Being an entrepreneur is lonely. You feel isolated in a world that makes you feel small and insignificant. You work long hours, and don’t communicate with the outside world as much as you’d like. Outside of the contact with your immediate team, this can feel very lonesome. The only way to deal with this is to spend time with likeminded entrepreneurs who are in the same position as you are. Luckily there are a number of regular meet-up groups for founders in most cities around the world.


Relationships will be tested

Your family and friends will not fully understand what you go through on a daily basis. If you’re building a strong personal brand alongside your startup, people will judge you and feel like they know a lot about you. It can be extremely challenging to balance your time with the people you care about most when you’re laser focused on building a startup.

It’s also hard for people to understand your desire to take on the risk and build a business in the first place. You will sometimes deal with jealousy and resentment. It can even stem from a lack of understanding about what you actually do. You will have to learn to say no to people who want your help and support. Balancing time between mentorship with seeking your own mentorship is another challenge that’s often overlooked.


Finding Balance

The emotional toil of pouring everything into a company that, statistically, won’t make can be very hard. It’s important not to tie your self-worth to what you’re building. That’s not sustainable for you or the startup, but when you’re fully immersed into building your company, it can be hard to see the forest from the trees.

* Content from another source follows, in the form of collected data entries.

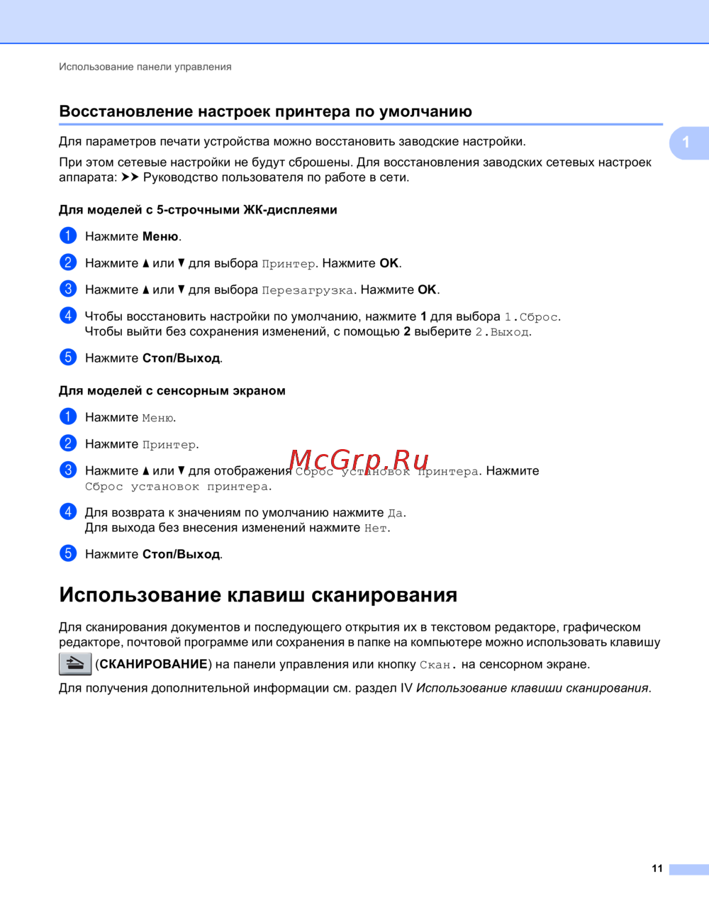 Brother DCP-8110D — как восстановить настройки принтера и использовать сканирование [19/281]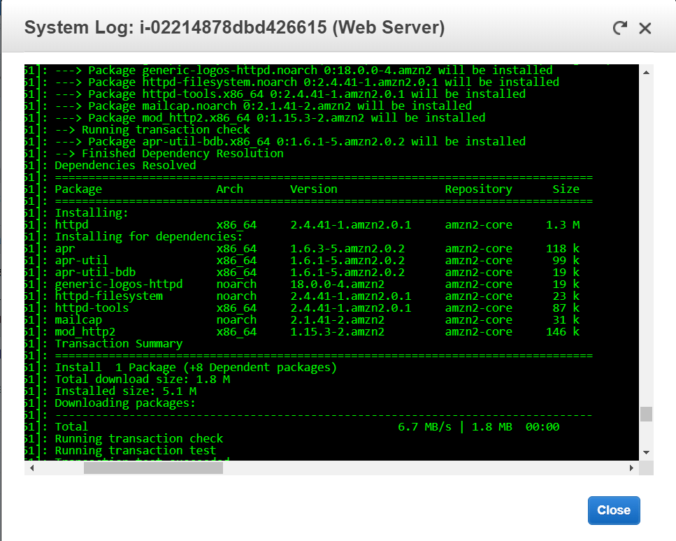 Scroll down and try to find a log that states the installation of httpd. As you have remembered, we provided the script to install an Apache web server which we can see here executing from the system log.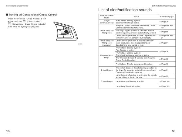 ( Conventional Cruise Control indicator ) turns off on the EyeSight display area .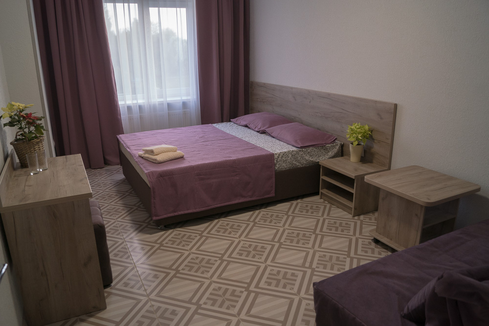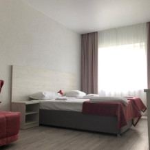 3 номера СТАНДАРТЫЕ. (Находятся на 1-3 этажах) Номера 22м. кв. (Прихожая, с вешалкой и подчемоданником, большая двуспальная кровать, кресло трансформер(90х200), шкаф, туалетный столик с пуфом и зеркалом, прикроватные тумбочки. Холодильник, чайник, посуда (тарелки, стаканы, кружки, ложки, вилки, ножи, разделочная доска. Сплит система(кондиционер), Совмещенный с/у с душевой. Номера без балконов.

“It sounds masochistic, but really starting a business is a game of mental jujitsu. That’s the paradox of being an entrepreneur” — Taylor McLemore


Stability

Startups come with a financial complication, either they’re funded from investors or the revenue and profit is minimal and so often times can be tight. I have also found this to set your mindset to be cost optimized where you always make sure you don’t throw away money and always have the mindset of spend money as if it was yours. Most startups don’t end up succeeding; you have to be comfortable with that. 42% of Startups fail due to there not being a need in the market 29% of startups fail due to running out of money. Based on startups created in 2014, 56% of them make it to their 5th year.


Workload

Workload can be up and down, and when you are busy you might have several different project priorities that all need to be done; you need to be able to handle stress and work through projects to completion quickly.


Work/Life

To really work a startup, you have to be prepared to take home your work, be always prepared to take late night calls, or work on a project to completion. I’ve personally found this not a negative; the way I work typically is I can’t switch off if I know something isn’t complete.


The Ugly


Chaos


At times there will be chaos, and it can feel negative, this really is part of what comes with a startup. Ride out the bad times and the good times and its benefits will come.

Direction

Direction can often be muddy, this often comes from the fact you are and able to be agile, because things can change fast it can be that the original direction of the company can change. Depending on how well this is focused and how often it happens can cause frustration.


Throwaway Work


With change in direction like the above point can come with it the fact that previous effort might now become “wasted”. By this it mean that the effort and work you previously put in may now not be used (at least not for now) and so again this can come with frustration, this will almost definitely happen many times.




While this summary may sound like there are a lot of bad elements to being in a startup, it’s less of a negative and more about being realistic on what happens and frankly the benefits of not being so restricted. There are so many elements that I love about startups, it’s that I’ve found so much freedom and passion and knowledge.